EU leaders at a summit in Brussels agreed that euro area rescue funds could be used to stabilize markets (read bail-out countries) without forcing these countries that comply with EU budget rules to adopt extra austerity measures or economic reforms.  It was also agreed that a single supervisory body for euro zone banks, housed under the European Central Bank, would be created by year’s end—much faster than previously discussed.  In essence, what the EU agreed to, after Spain and Italy withheld their support for previous measures, is to remove any need for austerity measures to qualify for bail-out funds.  More to the point, the rules regarding membership in the EU, among them the requirement that countries maintain debt levels not to exceed a maximum of 60% of GDP and budget deficits not to exceed 3% of GDP.

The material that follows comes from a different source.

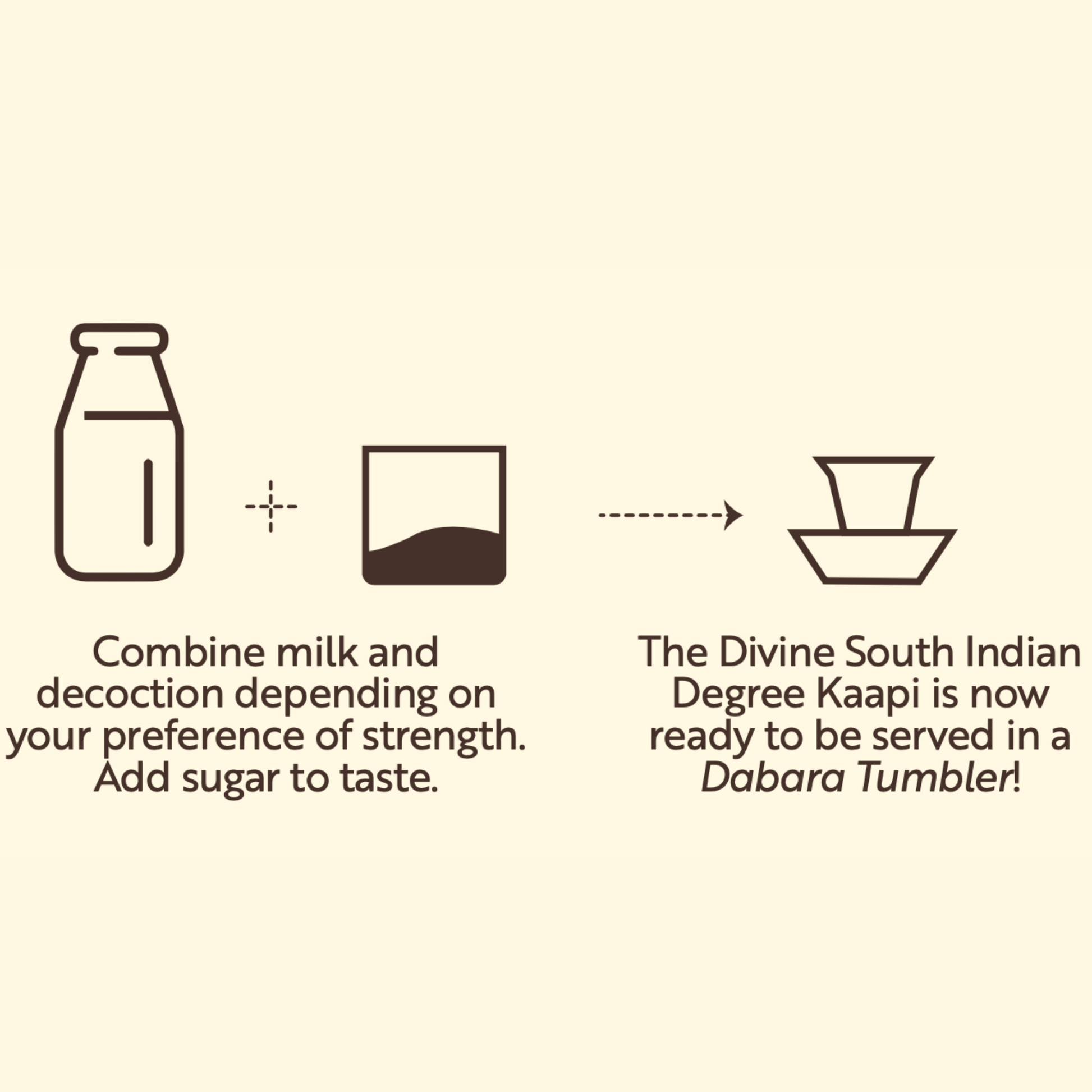 5. HOW TO MAKE IT?: Add coffee powder to the filter Fill it to the brim with water that is below boiling temperature, and cover the lid, After 10-15 minutes for your decoction to drip down to the bottom jar. Pour fresh decoction add milk and enjoy.

As you probably are aware, most of these troubled countries are running sovereign debt levels at more than twice this ceiling, and budget deficits in the double digits.  Countries like Greece completely lied to the EU about their debt levels and budget deficits, until they became so large that the country had to beg for outside assistance (a bailout).  The get the bailout, they agreed to austerity measures, including cutting their budget deficit and eventually reducing their national debt as a percentage of GDP.  With this new “agreement” these requirements are off the table.  In other words, these countries took money and will take even more money from the bailout fund, and will not be required to stop the excessive spending that got them into trouble in the first place.

As I always state: You cannot borrow your way out of debt, which is exactly what these countries are trying to do.  They will eventually default, and countries like Germany, which is relatively stronger economically, and which is providing the bulk of the bailout money, will be left holding IOUs that they will never collect on.  This will be a tough deal for Angela Merkel to sell to the German people.  The positive is that some of the short-term pressure has been alleviated from the financial markets, but the underlying problems remain, and with this agreement, will only get worse in time.